These are quotes from individuals I have debated with, asked questions. Yes, we have heard such sentiments myriad of times. And yet, in the context of the Language Movement, there is the history, the finesse captured in the terms 'ápon' and 'nationalism' that prompts me to pen a few words, brood on Ekushey Bhasha Andolon. On Falgun 8, 1359 (February 21, 1952), demonstrators on Dhaka University campus protested the 'Urdu only policy' and demanded the then government to recognize Bangla as one of the official languages. Bullets were fired by the police to halt the protest, killing several students and activists.

This engagement ushered the Language Movement to the forefront, provoking long term civil unrest, which eventually forced central government in 1956 to enact legislation granting Bangla language its official status.

This violent episode gave birth to an image so compelling that it served as the catalyst in shaping mood of the nation into oneness, one people; moving away from the makings of past colonial decision-makers of being a nation grounded in religious precepts. The incident cemented language attitudes and identity strategies in a manner that till to-date cannot neglect the social and political forces which shaped language-nation relationship.
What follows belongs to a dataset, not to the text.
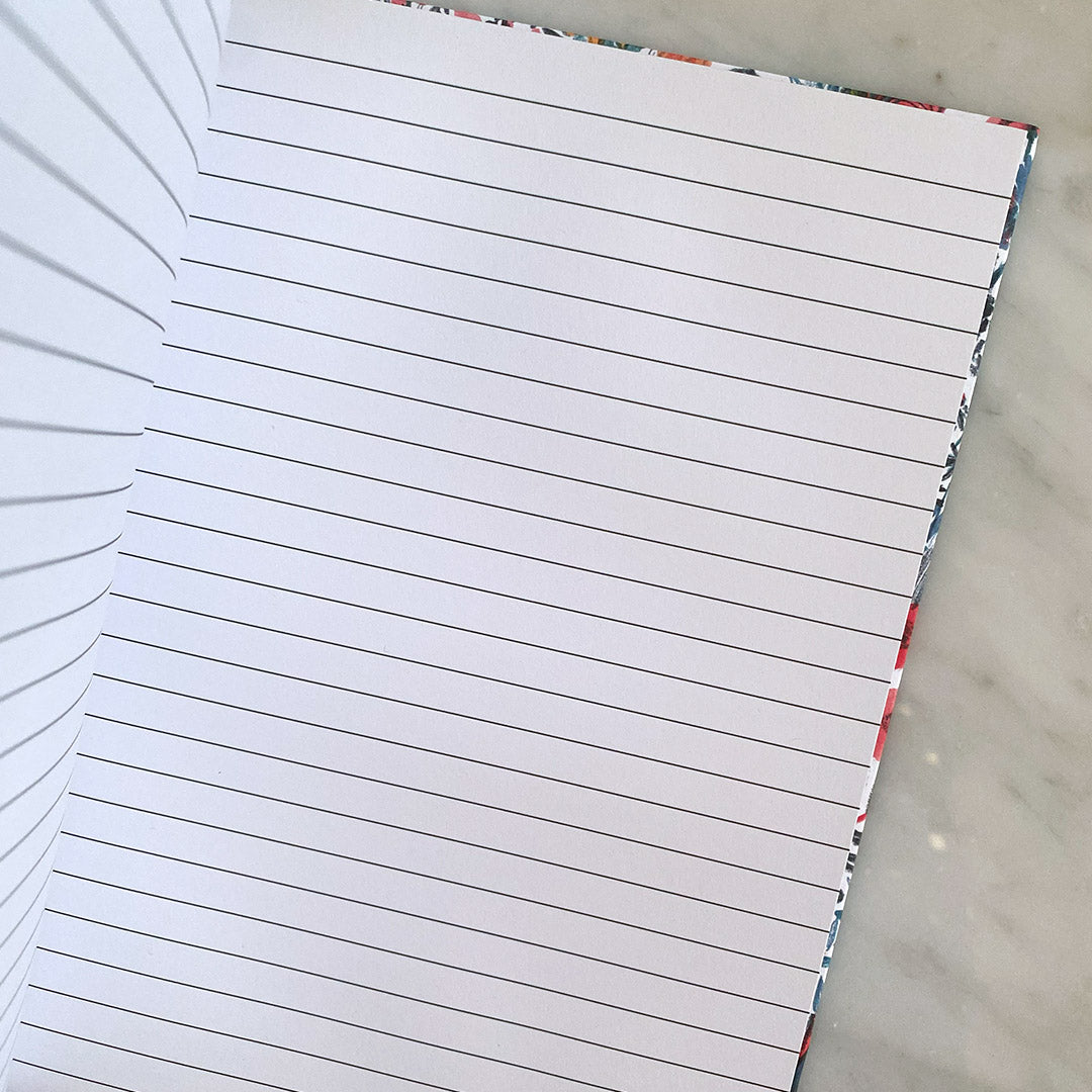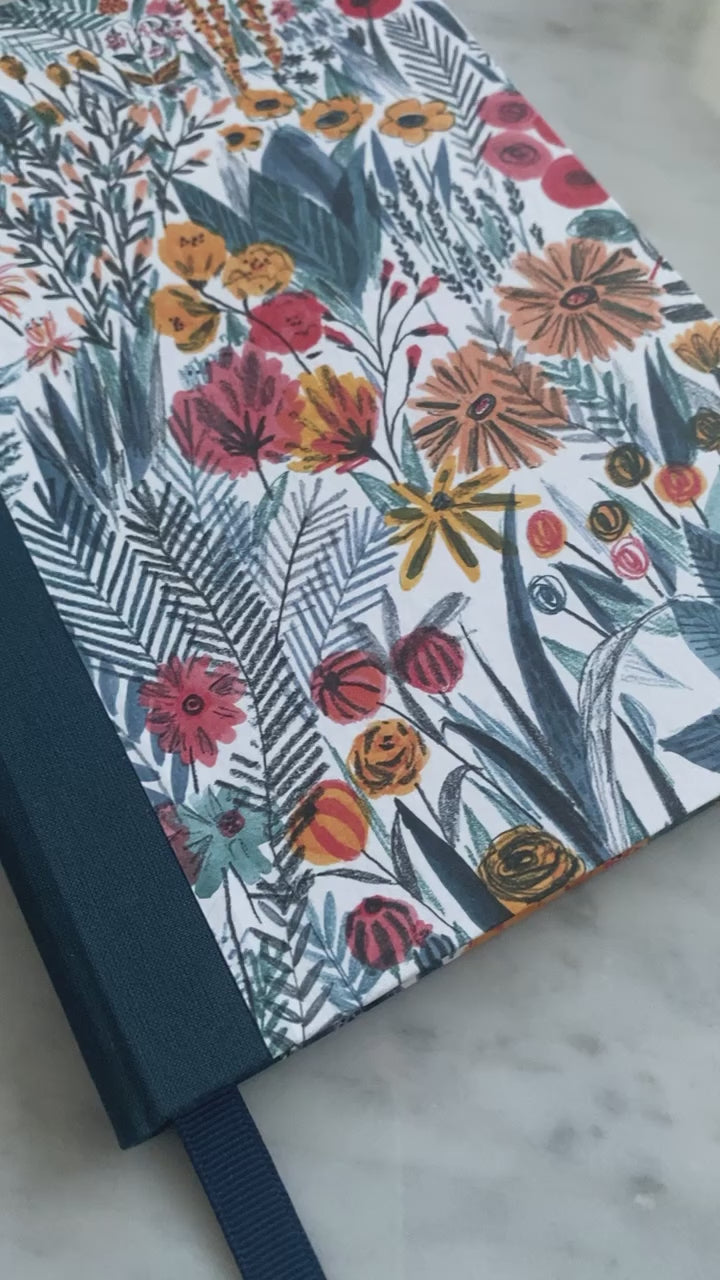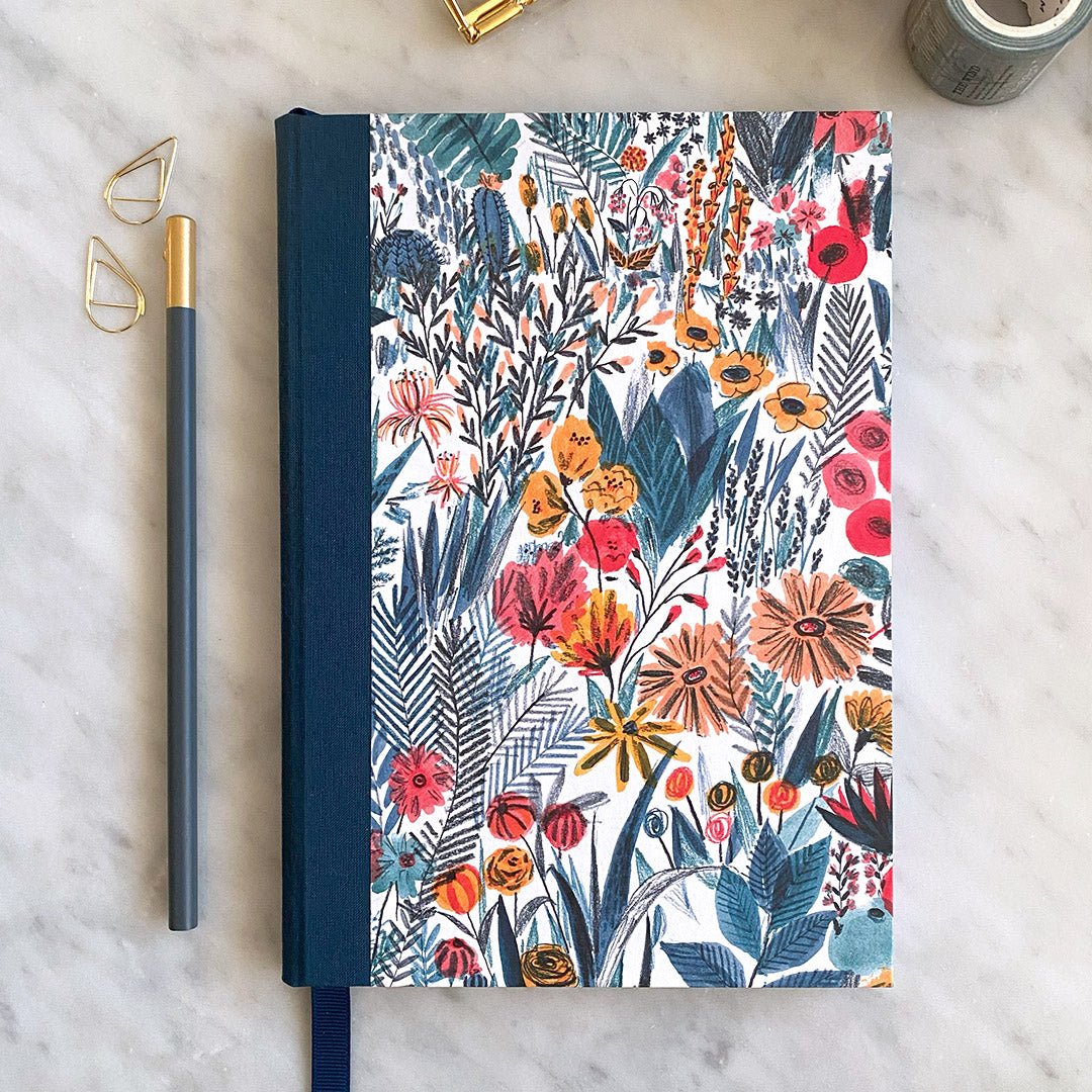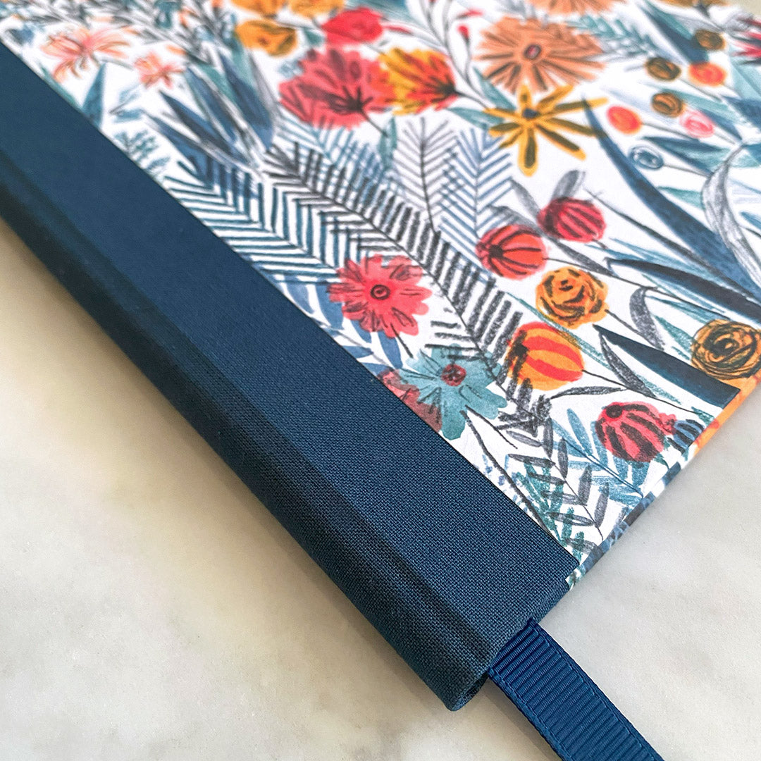 Hardback A5 notebook covered using a modern and uplifting floral print. Includes a complementary navy cloth spine and a matching luxe Grosgrain ribbon page marker.

As a nation of unique culture with a distinct sense of nationalism, every year on February 21 we re-create that unified character which proudly announces: I am my language --- a powerful dimension of personal and social identity. The conventions, the contents, and symbolic meanings of our language create an intricate correspondence between internal (as a Bangladeshi), and external interpretation of the identity of our people (as a nation). True, language is more than the repertoire of shared programs and practices. It is the connector that validates our sense of nationalism: the shared feeling of pride and socio-cultural experiences.

However, nationalism and language are both dynamic notions depending on time and place in history. Today, ever so gradually and with quiet persistence in the discourse of language loyalty the old proposition has resurfaced: is our language unique to our people? Do we or should we 'Islamize' our language so it resonates our uniqueness? Reflects 'our kind' of nationalism? Thus 'Islamizing' the language would anchor the 'right essence' of loyalty in our hearts? Such assertions are obviously very socio-politically loaded.

The codification of a written language with 'right kind of' words is a complex one; it is not only a consequence of the combination of political and cultural power, it is also a matter of being attentive to the shared phonological, lexical, morph syntactic linguistic features of the language. Before we rush head-on into the debate the pundits need to educate us on this not so simple matter. Language simply does not stand for literary narratives. For us, the general people, perhaps it suffices to say that a writer writing in Bangla does not reconfigure the language boundaries; rather it is through the implicit condition of capturing the symbolism of our culture that a trail is set toward representing our national identity and building our sense of nationalism. We have schools where Bangla is taught as a language and in others it is the medium of instruction.

We need both, and let the foundations of 'proper Bangla' be laid there. Instead of initiating a 'language cleansing' movement, perhaps we should celebrate the fact that vignettes of our culture do indeed filter into our literature, defining the integrity of our language, and thus get anchored. Needless to say, simply 'soil-right,' 'birth-right,' 'language-right' does not lead to the perception of nationalism; neither is it the awakening of a nation to awareness by virtue of one incident; rather it is also the benign everyday construction of a sense of national identity through the inconspicuous symbols of fairy tales, folklore, arts and crafts, the countryside, the regional differences, and yes, even the etiquettes that invent and reinvent a nation. It is this collage that is held together, expressed, codified, practiced, and indeed captured through language that generates the unique oneness.

Another popular concern is the role of the media in muddling the Bangla language! The worrisome issue is the heavy intrusion of local dialects on TV sitcoms and radio programs. We need to remind ourselves that the 'speech communities' of Barisal, Noakhali, Sylhet, Chittagong, Dinajpur and other areas practice no more than regional accents - varieties of the same language. Their particular phonological and prosodic markers simply constitute accents which in a linguistic sense are not varieties of language that are distinct from each other by grammatical and syntactic criteria.

Perhaps a speaker from Tangail may not fully understand a speaker from Chittagong (!), yet they operate within the common language script. Language is indeed an abstract construct, based in part on linguistic canons, but more importantly on socio-psychological factors. So, should we be concerned that such regional accents are a threat to our language? The key to distinguishing a language from a classification lies more often than not in socio-political conventions. Perhaps a discussion for another day?

I would rather our language experts expand on the linguistic technicalities so our sentiments do not run amuck on such sentimental issues. I, for one, wish to contemplate on Billing's assertions that "a language (dialects, regional accents) will die for want of regular users, so a nation must be put to daily use." The variety is our uniqueness, the fabric of our national identity, one of the foundations of nationalism. It is time we celebrated inclusion, preserved the variation. Luckily, our culturally conscious community is already in that mode.

I humbly sign off by saying I am multilingual, and yet my dreams always speak to me in my mother tongue. I share with my children the folk-tales that paint the magic of our language for them. To us, our language is lyrical and amader ápon, a clear validation of our identity, our roots.